Work to complete :: From the entries that follow, pick out all lines holding "with".

** Opening Recorded data block **

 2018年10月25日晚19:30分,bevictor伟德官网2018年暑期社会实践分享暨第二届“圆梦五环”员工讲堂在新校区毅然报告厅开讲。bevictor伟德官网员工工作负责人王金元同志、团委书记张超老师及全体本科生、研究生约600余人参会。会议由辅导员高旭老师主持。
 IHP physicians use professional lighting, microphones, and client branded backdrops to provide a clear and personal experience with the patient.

** Closing Recorded data block **
** Opening Recorded data block **

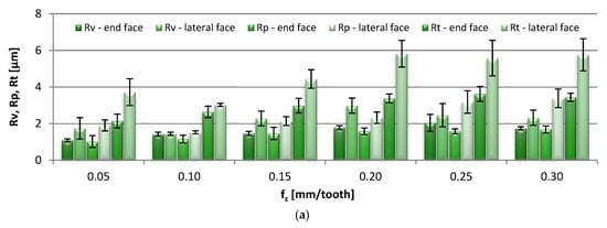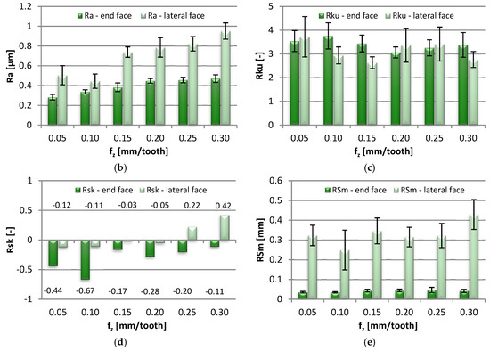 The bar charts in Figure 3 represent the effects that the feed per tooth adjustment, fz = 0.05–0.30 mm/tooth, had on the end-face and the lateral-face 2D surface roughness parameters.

** Closing Recorded data block **
** Opening Recorded data block **

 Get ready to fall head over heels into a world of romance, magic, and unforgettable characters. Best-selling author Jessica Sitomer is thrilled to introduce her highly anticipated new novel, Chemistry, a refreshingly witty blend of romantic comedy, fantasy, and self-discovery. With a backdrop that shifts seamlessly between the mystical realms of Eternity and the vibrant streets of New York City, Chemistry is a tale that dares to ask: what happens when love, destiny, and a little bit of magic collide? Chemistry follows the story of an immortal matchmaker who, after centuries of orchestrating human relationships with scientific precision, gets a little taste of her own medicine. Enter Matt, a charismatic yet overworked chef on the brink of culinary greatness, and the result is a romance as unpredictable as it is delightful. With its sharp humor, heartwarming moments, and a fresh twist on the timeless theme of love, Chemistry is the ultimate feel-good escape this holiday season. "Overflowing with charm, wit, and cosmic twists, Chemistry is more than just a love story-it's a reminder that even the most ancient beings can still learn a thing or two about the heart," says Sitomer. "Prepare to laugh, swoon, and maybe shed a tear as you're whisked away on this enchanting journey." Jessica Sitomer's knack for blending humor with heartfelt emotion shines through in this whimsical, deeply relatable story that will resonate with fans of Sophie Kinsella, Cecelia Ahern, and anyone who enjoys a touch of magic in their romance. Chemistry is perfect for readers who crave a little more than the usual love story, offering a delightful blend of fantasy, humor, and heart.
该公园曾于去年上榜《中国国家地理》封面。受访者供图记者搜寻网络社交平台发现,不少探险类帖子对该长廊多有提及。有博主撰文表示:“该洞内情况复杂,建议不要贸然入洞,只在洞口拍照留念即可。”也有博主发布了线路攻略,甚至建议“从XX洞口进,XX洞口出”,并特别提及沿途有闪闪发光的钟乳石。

** Closing Recorded data block **

Output below ::
 IHP physicians use professional lighting, microphones, and client branded backdrops to provide a clear and personal experience with the patient.
 Get ready to fall head over heels into a world of romance, magic, and unforgettable characters. Best-selling author Jessica Sitomer is thrilled to introduce her highly anticipated new novel, Chemistry, a refreshingly witty blend of romantic comedy, fantasy, and self-discovery. With a backdrop that shifts seamlessly between the mystical realms of Eternity and the vibrant streets of New York City, Chemistry is a tale that dares to ask: what happens when love, destiny, and a little bit of magic collide? Chemistry follows the story of an immortal matchmaker who, after centuries of orchestrating human relationships with scientific precision, gets a little taste of her own medicine. Enter Matt, a charismatic yet overworked chef on the brink of culinary greatness, and the result is a romance as unpredictable as it is delightful. With its sharp humor, heartwarming moments, and a fresh twist on the timeless theme of love, Chemistry is the ultimate feel-good escape this holiday season. "Overflowing with charm, wit, and cosmic twists, Chemistry is more than just a love story-it's a reminder that even the most ancient beings can still learn a thing or two about the heart," says Sitomer. "Prepare to laugh, swoon, and maybe shed a tear as you're whisked away on this enchanting journey." Jessica Sitomer's knack for blending humor with heartfelt emotion shines through in this whimsical, deeply relatable story that will resonate with fans of Sophie Kinsella, Cecelia Ahern, and anyone who enjoys a touch of magic in their romance. Chemistry is perfect for readers who crave a little more than the usual love story, offering a delightful blend of fantasy, humor, and heart.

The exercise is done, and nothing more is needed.